Herman concedes it would be an extremely difficult task, but he believes the public and government agencies would come up with money if it were attempted.
He said he would propose that a study identify a quiet cove on O'ahu or Maui where a sea pen could be installed on short notice. It would need to be roughly the size of a football field to house a calf that would grow from 15 feet to 30 feet in a year.
A plan would have to be set up for capturing a separated calf, transporting it by barge or air as quickly as possible, then establishing a corps of people to care for it.
The initial feeding regimen probably would mimic the one Sea World used with its gray whale calves.
"I think there would be a tremendous public response," Herman said. "It would be entirely appropriate, because we have a sanctuary here, the only sanctuary dedicated to a single species."
Dave Matilla, science and rescue coordinator for the Hawaiian Islands Humpback Whale National Marine Sanctuary, said he understood the desire to help the calves.
"I watched one being attacked by tiger sharks," he said. "It's pretty tough, especially if you spend your life studying these animals."
He also said a rescue effort would be extraordinarily difficult, but he would not rule it out.

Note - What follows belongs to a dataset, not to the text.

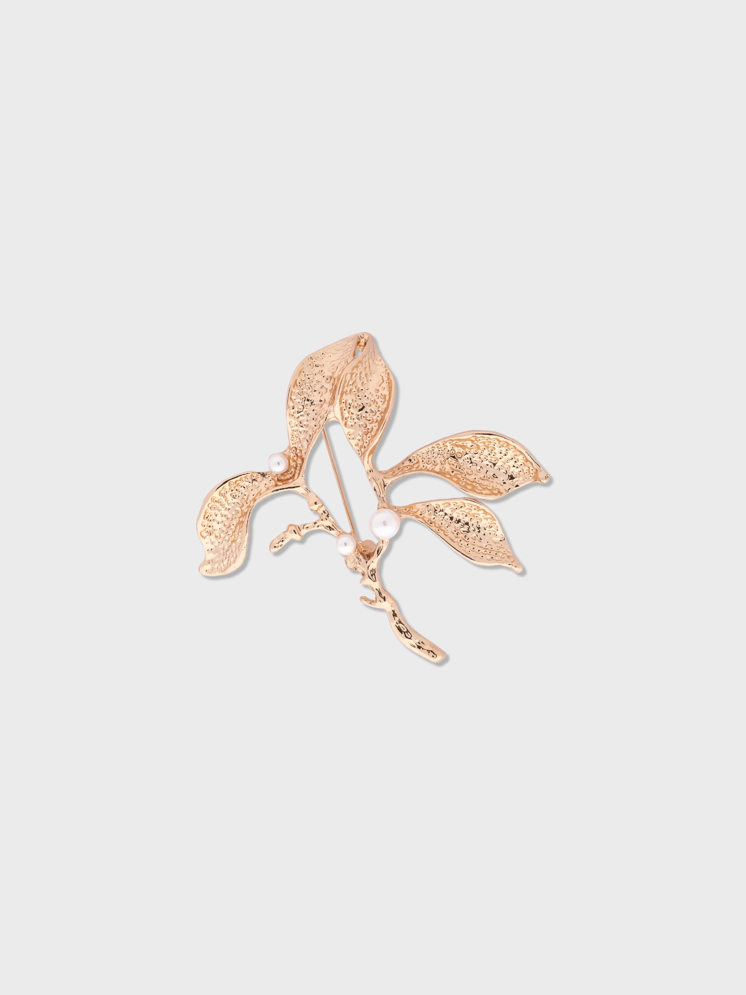 Тёплый золотистый оттенок подчеркивает естественность образа. Брошь можно носить на одежде или аксессуарах, добавляя луку поэтичный и выразительный акцент.

"There's a lot to think through, and there's a lot stacked against it working," Matilla said. "But there's a lot to learn, even if it weren't successful, that could be of benefit to the species overall."
Four, perhaps five whale calves were spotted without their mothers this season, and that number can be expected to rise as humpback populations recover.
Ultimately, someone has to determine whether the expense and effort spent on one or two calves might better be devoted to other threats to the species, Matilla said.
Herman suggests that a consortium of agencies would need to be involved, including the humpback whale sanctuary, National Marine Fisheries Service, state Department of Land and Natural Resources, Herman's own organization, Sea Life Park and others.
Dupree said there was still no firm proposals before her agency, and many regulatory agencies would have to study the issue before it could proceed, without knowing whether it can work.
With the California gray whales, Sea World was able to confirm that one of its orphaned grays had successfully joined its fellow whales and was seen again in subsequent years.
Whether that success could be repeated in Hawai'i with a different species is not clear.
"The probability of success can't be determined until you try it," Nachtigall said.